- Task instructions
In your copy of the data, keep every word exact and include no pictures.

- Data
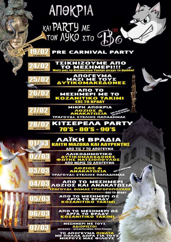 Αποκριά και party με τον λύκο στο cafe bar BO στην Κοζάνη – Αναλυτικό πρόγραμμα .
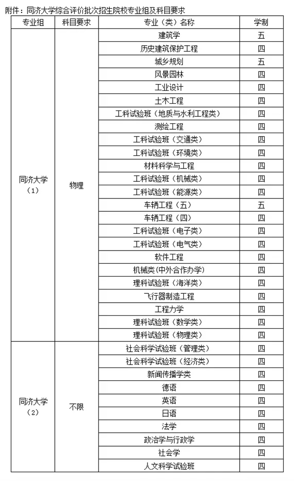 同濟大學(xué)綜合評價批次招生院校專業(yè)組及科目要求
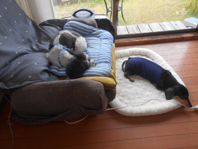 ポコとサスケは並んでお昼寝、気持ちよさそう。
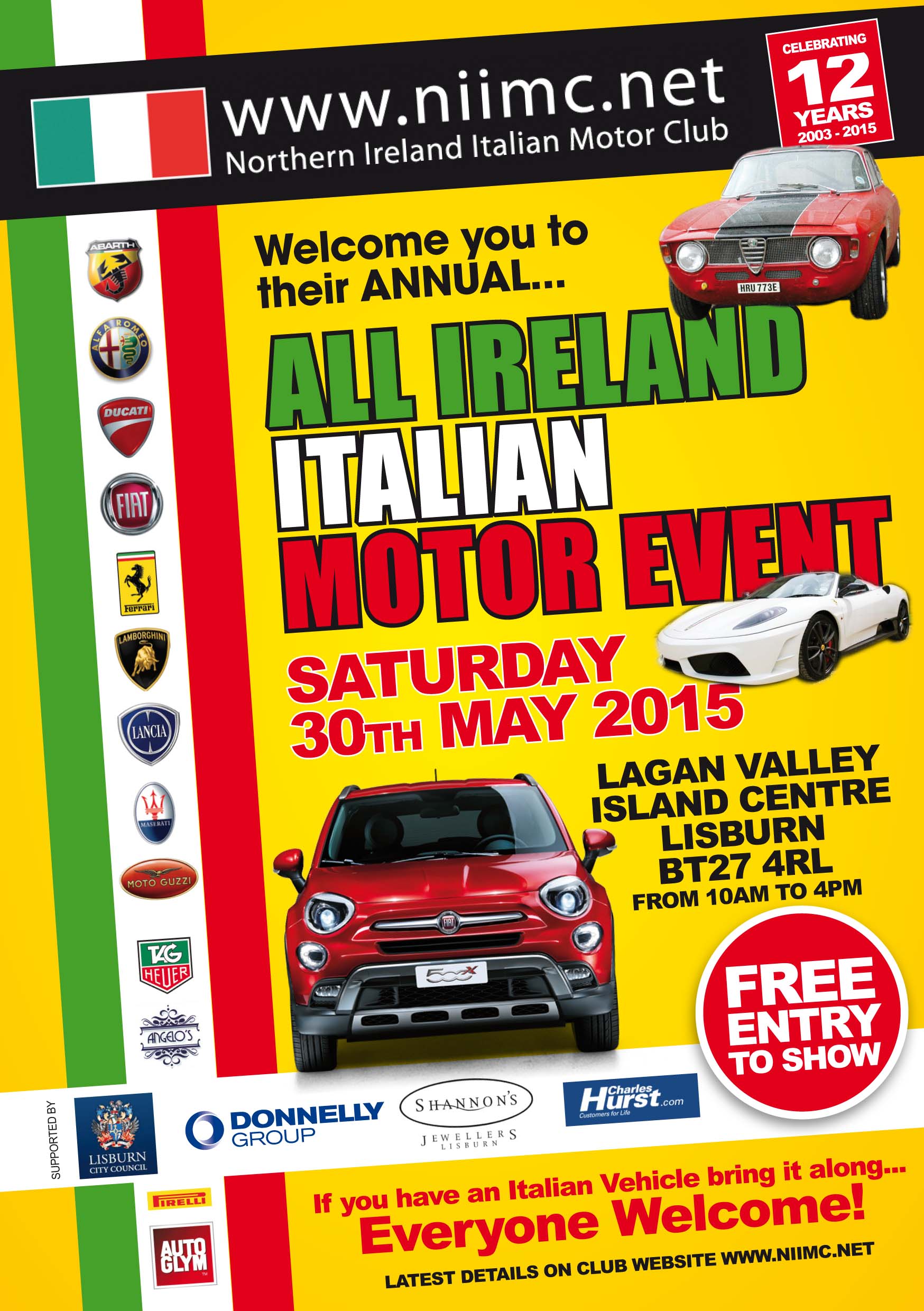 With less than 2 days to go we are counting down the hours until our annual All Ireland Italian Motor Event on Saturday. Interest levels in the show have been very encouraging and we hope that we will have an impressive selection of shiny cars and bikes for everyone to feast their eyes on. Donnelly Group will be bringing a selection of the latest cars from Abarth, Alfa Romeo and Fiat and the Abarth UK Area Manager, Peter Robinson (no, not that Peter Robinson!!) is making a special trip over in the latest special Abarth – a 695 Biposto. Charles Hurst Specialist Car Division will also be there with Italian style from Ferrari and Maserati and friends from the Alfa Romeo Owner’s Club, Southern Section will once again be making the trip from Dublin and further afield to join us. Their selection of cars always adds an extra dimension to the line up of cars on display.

- Output for this exercise
 Αποκριά και party με τον λύκο στο cafe bar BO στην Κοζάνη – Αναλυτικό πρόγραμμα .
 同濟大學(xué)綜合評價批次招生院校專業(yè)組及科目要求
 ポコとサスケは並んでお昼寝、気持ちよさそう。
 With less than 2 days to go we are counting down the hours until our annual All Ireland Italian Motor Event on Saturday. Interest levels in the show have been very encouraging and we hope that we will have an impressive selection of shiny cars and bikes for everyone to feast their eyes on. Donnelly Group will be bringing a selection of the latest cars from Abarth, Alfa Romeo and Fiat and the Abarth UK Area Manager, Peter Robinson (no, not that Peter Robinson!!) is making a special trip over in the latest special Abarth – a 695 Biposto. Charles Hurst Specialist Car Division will also be there with Italian style from Ferrari and Maserati and friends from the Alfa Romeo Owner’s Club, Southern Section will once again be making the trip from Dublin and further afield to join us. Their selection of cars always adds an extra dimension to the line up of cars on display.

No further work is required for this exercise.